- _What you are asked to do_:
With pictures omitted, restate the data word for word.

- _Supplied data_:
----

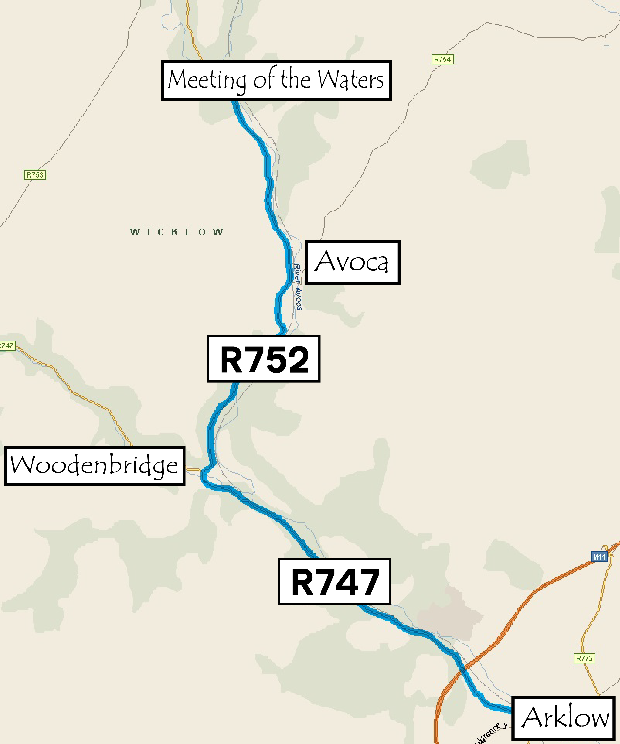 This Irish auto trail explores the Vale of the Avoca, from Arklow to the Meeting of the Waters.
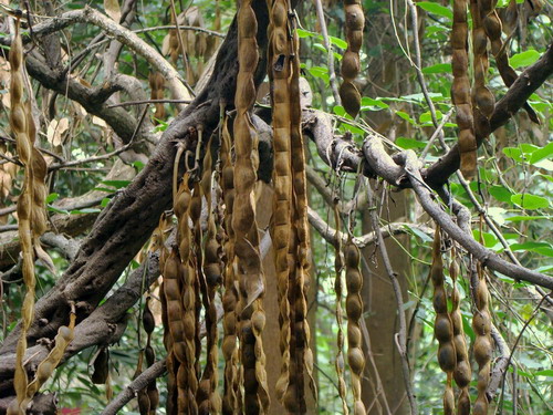 褶皮黧豆挂满枝头,像一串串紫葡萄
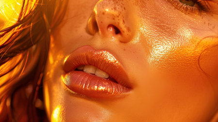 Close up portrait showcasing radiant skin with glossy finish, highlighting natural freckles and full lips. warm golden light enhances beauty and creates inviting atmosphere

----

- _Reply_:
 This Irish auto trail explores the Vale of the Avoca, from Arklow to the Meeting of the Waters.
 褶皮黧豆挂满枝头,像一串串紫葡萄
 Close up portrait showcasing radiant skin with glossy finish, highlighting natural freckles and full lips. warm golden light enhances beauty and creates inviting atmosphere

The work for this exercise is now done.